Apples AirTag can be hacked and its software modified, a security researcher found out. When examining the microcontroller, revealing elements can be reprogrammed to change the way certain functions work.
Apple is known for offering a high level of security to its products. This, of course, has resulted in the new AirTags becoming a target for security researchers. Just over a week after it was shipped, it seems that some AirTag items can be changed.
German security researcher “Stack Smashing” uncovered on Twitter that they were able to “break into” the AirTag’s microcontroller. Posted on Saturday and first reported by The 8-bitThe tweet thread has some details about the researcher’s research into the device.
After a few hours and the destruction of several tags in the process, the researcher created firmware dumps and finally found that the microcontroller could be restarted. In short, the researcher has proven that it is possible to change the programming of the microcontroller and change the way it works.
A first demonstration showed an AirTag with a modified NFC URL that displays a custom URL instead of the usual “found.apple.com” link when scanning with an iPhone.

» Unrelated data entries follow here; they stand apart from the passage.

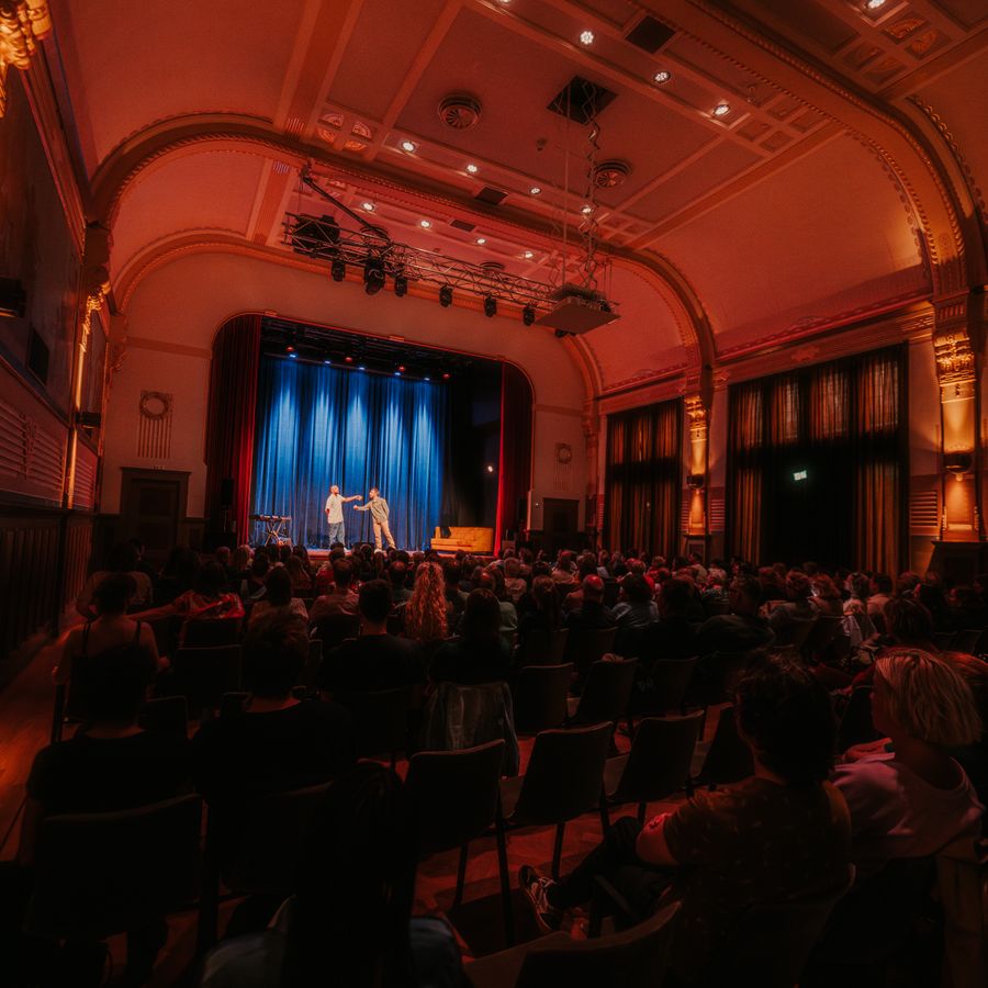 Lachen toch? Op dinsdag 4 juni kregen we antwoord op de vraag of er grenzen zijn aan de grap tijdens het contextprogramma Grenzen van de grap. In de Kleine Zaal van De Vereeniging maakten neerlandicus Ivo Nieuwenhuis en theatermakers Eran Ben-Michaël en Jonata Taal er een humoristische én leerzame avond van!
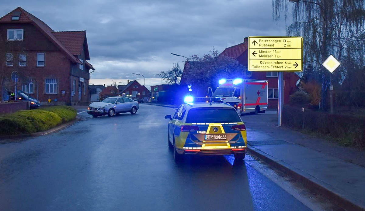 (Bückeburg) Auf der Kreuzung im Bückeburger Ortsteil Warber ist es gestern gegen 20.10 Uhr zwischen zwei PKW zu einem Verkehrsunfall gekommen. Es gab zwei Verletzte.
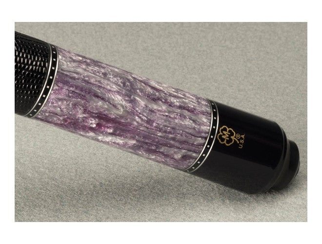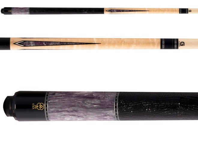 The McDermott G430 features a unique new design called "Violet Storm" which combines Silver speck with a Purple and White pearl sleeve & points. The wrap is Lizard-Embossed leather and provides non-slip grip. The G-Core Low Deflection shaft comes standard on the G430 and is equipped with a Navigator Black tip. All McDermott cues come with a lifetime warranty that includes warpage.
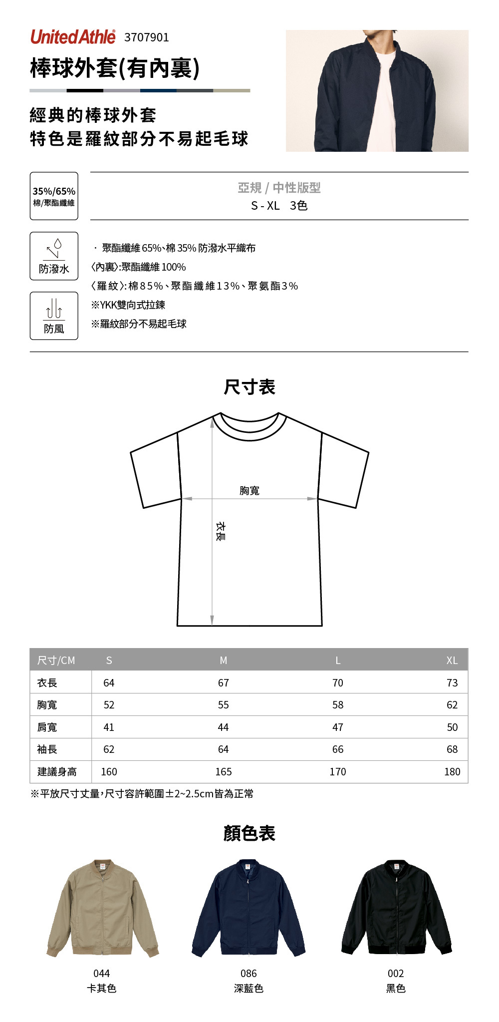 ● 聚酯纖維 65%、棉 35% 防潑水平織布

Even in its early days, research shows that hacking AirTag takes a lot of know-how and effort. During a demonstration video, the modified AirTag is shown attached to cables that are claimed to only provide power to the device.
It is plausible that similar techniques could be used for malicious purposes, although it is unclear exactly how far they can be pushed at this point.
Given that AirTag relies on security Find mine In order for lost mode to work, it is likely that Apple will introduce some form of server-side defense against maliciously modified versions.
Since its inception, a hidden debug mode was found in AirTag and provides developers with significantly more information than users would normally need about the device’s hardware.